Let the Right One In (2008)
directed by Tomas Alfredson
rating: 4 out of 5 cravats
on DVD from Netflix

What I'd feared would be an all-too taxing allegorical meditation on childhood did a lot more than just try on The Spirit of the Beehive as a vampire story. The kids behave like children, not as much of a surprise with the boy as the girl, who has too many ageless 12-year olds behaving like adults to live down. She does, though, and though she insists she's not a girl, she is. As with any great vampire movie, this one has nice takes on the classic tropes - namely, the need to invite a vampire into your home each time the beast comes calling (as opposed to once); what happens when a vampire does enter uninvited; and what a roomful of scared animals will do to Nosferatu when they have the numbers to do more than hiss and run away.

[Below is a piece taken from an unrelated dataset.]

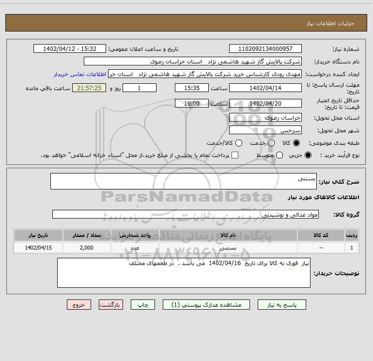 نام دستگاه خریدار:شرکت پالایش گاز شهید هاشمی نژاد استان خراسان رضوی

Nothing comes close to the climax, though, as clean and elegant a sequence of vengeful violence as anything not shot in slow motion can be. The coda, which invites such cynicism about the tender events which came before, seals the deal: one of the best horror movies in years.

Tuesday, October 20, 2009

With My Heroine and Eric Rohmer's Fighting Skills, We Can...

Drag Me to Hell (2009)
directed by Sam Raimi
rating: 3 out of 5 cravats
on DVD from Netflix

A good candidate for a future revision of Los Angeles Plays Itself - "Not even branch manager David Paymer could afford the monthly payments on the house in Echo Park that Alison Lohman's tormentor tears to shreds" - Drag Me to Hell is what the murdered pets call "good fun." Special effects have gotten worse in the last twenty-eight years, but Sam Raimi could sell regurgitated embalming fluid to a socialite, so let him sell a haunted handkerchief to me. Horror movies, even more than romances, should always have women as their heroes. No one makes a muddy, flooded burial plot look better, and no one else can convincingly muster the requisite fearlessness needed to defend powder blue coats and pale yellow sundresses against the everyday endings that make the course of life so sad. That would re-write The Evil Dead, of course, but a man like Bruce Campbell can always find his way in the world.

Sunday, October 18, 2009

Put Me in a Boat and Sink It

Where the Wild Things Are (2009)
directed by Spike Jonze
rating: 2 out of 5 cravats
seen on the screen at the Manor Theatre

What a disappointment. This really did feel like a project that had been in development for five years, and not at all the oddity I expected from the director of Adaptation. It's obvious Spike Jonze likes Chris Cooper, or he wouldn't have used him in two films. I like Chris Cooper, too, but the only thing any of the funny actors who surround Max in hairy costumes get to do is read back glib platitudes about Dave Eggers' youth ("I'm sad" or "I don't understand") that say nothing - nothing! - about the precarious years that Max is going through. The title screen, knocking a pair of owls from the sky, and the hero hiding in someone's stomach are the only moments that reminded me of Spike of Old, and that's a shame. You can, as always, learn more about "the loneliness of childhood" by actually enjoying yourself at a movie. Scratching Karen O for the Animals' "Wild Thing" might have been a good place to start.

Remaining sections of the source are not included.